In conclusion, the hegemonic perspectives of the study of poverty and inequality are reductionist because their vision of satisfiers is very limited (it does not take into account the subject's relationships and activities); in the same way, their vision of resources or sources of well-being only takes into account conventional economic resources and leaves out the available time and the knowledge and skills of the subject. And, above all, it is reductionist because it reduces the vision of human needs to those closest to those of animals.

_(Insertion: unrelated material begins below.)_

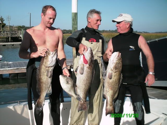 weather was iffy when we got to shem creek this am, we were already there so thought we would try it anyhow. ride out was good with a NW wind, but got a little wet at 10 mi. got out to 70’ and did a bottom drop.vis about 15’ and the gags were all over the place! missed ques, broken shafts and piss poor shooting and grouper that got smart quick, ending the dive with a few goog keepers. did our surface interval there as we left a 30lb.gag on the bottom with 2 holes and a tip in him. fishing was slow but managed to boat a few more grouper, triggers and red porgys. second dive the viz was alittle less but the temp was perfect, ended up with 6 gags and some other bottom dwellers, ride in at 30 as the seas had laid down.great day on the water with auggie dog, james c,and under contract.
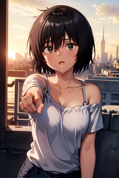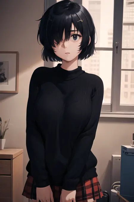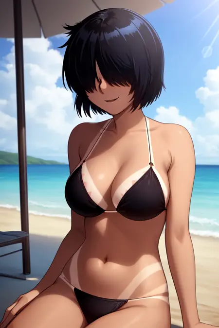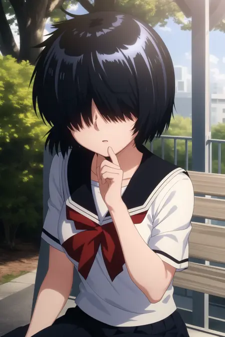 可使用头发遮住一只眼睛或双眼前发,有时(取决于模型)需要加权,1.1 至 1.2 为理想值。

At the end of the day, they could ask us: how does combating poverty and inequality bring us closer to emancipation? Our view is that: the division between means and ends is artificial; Quantitative changes determine the direction in which qualitative changes are possible. Qualitative changes are preceded by the accumulation of a series of quantitative changes. In this sense we do not pursue any kind of qualitative change, but an emancipatory qualitative change, so the meaning of quantitative changes needs to be equally emancipatory.
The meaning of the means we use in the struggle for social transformation determines the meaning or character of the transformation we are capable of achieving. A non-democratic political organization seeking a democratic transformation of the organization will likely fail in its formal objectives if it succeeds in seizing political power in society. Alleviating the effects caused by poverty and inequality allows the development of new, more developed capacities and needs, which at the same time make them possible for new transformations. Thus, adopting a broad concept of poverty is what leads us to the possibility of proposing viable alternatives in the short and medium term that, in the long term, allow and push for an emancipatory qualitative transformation.